И если уже для писателя этот метод оказывается так труден, как видно из работы Пришвина, то для человека, ушедшего в этот метод целиком, он является, конечно, делом постоянного напряжения, труда целой жизни изо дня в день!

Усредненный и спокойный «интеллигент», ценящий в глубине души более всего комфорт довольства собою, вряд ли решится встать на этот путь. Он всегда будет склонен замкнуться ради своего покоя на утешительной, портативной и экономной теории.

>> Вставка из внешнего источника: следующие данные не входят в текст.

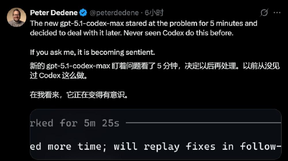 AI工程师Peter Dedene分享,自己体验时发现,GPT-5.1-Codex-Max盯着问题看了5分钟,决定以后再处理,自己以前从没见过Codex这么做。在他看来,模型似乎已经拥有意识了。

Обыденное наше устремление по преимуществу к покою и самоудовлетворению имеет, по-своему, то «положительное», что становится возможно до последнего момента не замечать того ужаса, в котором в действительности живешь; так что опять и опять успокаиваешь себя, что «копья ломать не из-за чего» и «мир, говоря вообще, все-таки благополучен»!.. Одним словом, получается та блаженная слепота, которая как будто помогает жить, т. е. жить беззаботно, катаясь по Парижам и предаваясь тонкостям «partis plaisir’a», не задаваясь, по возможности, ощущением, что при этих занятиях незаметно и мимоходом сбиваешь с ног живых, милых, прекрасных людей. Недаром люди так настойчивы в этом устремлении к «покою» и «самоутверждению», недаром эта тенденция просочилась и в науку, например, в школе покойного Ферворна, которая строит физиологическую теорию, исходя из предрассудка a priori, будто всякая ткань и всякий организм «в норме» устремлен к «компенсации раздражителей» и к возвращению в покой безразличия! Слепая философия слепых, не успевших продрать глаза щенят! Она была бы смешна, если бы не была горька по последствиям.